Body weight changes in mice after nine weeks of imeglimin treatment. Diabetic mice show a decrease in body weight over time compared to control ApoE^−/− mice. No significant difference in body weight is observed between diabetic mice from the DMvehicle and DM-imeglimin groups.

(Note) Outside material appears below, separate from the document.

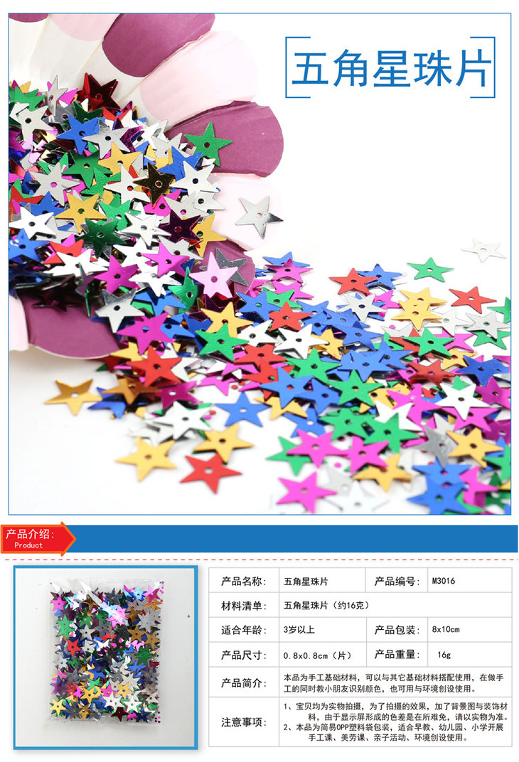幼儿园课堂手工DIY创意手工,五角星亮片混色装材料包

STZ, streptozotocin.

Figure 6

Effect of imeglimin on atherosclerotic plaque formation in the aortas of diabetic ApoE^−/− mice. (A) Representative images of en face analyses of mice aortas showing atherosclerotic plaques stained with Oil Red O; (B) Quantitative measurement of the en face plaque area (%) observed in mice aortas stained with Oil Red O. Results are expressed as the means ± SEMs of independent experiments (Control: n = 2, DM-vehicle: n = 5, DM-imeglimin: n = 5). * p < 0.05, ** p < 0.01.

Figure 7

Effects of imeglimin on AMPK activity and ABCA1, ABCG1, and CD36 protein expression in diabetic ApoE^-/- mice. (A) Western blot analysis showing the expression of pAMPK, tAMPK, ABCA1, ABCG1, and CD36 in the liver; (B) Relative protein expression levels of pAMPK, tAMPK, ABCA1, ABCG1, and CD36 in the liver (quantified using ImageJ); (C) Western blot analysis showing the expression of pAMPK, tAMPK, ABCA1, ABCG1, and CD36 in the aorta; (D) Relative protein expression levels of pAMPK, tAMPK, ABCA1, ABCG1, and CD36 in the aorta (quantified using ImageJ). Results are expressed as the means ± SEMs of at least three independent experiments. * p < 0.05, ** p < 0.01, *** p < 0.001, **** p < 0.0001.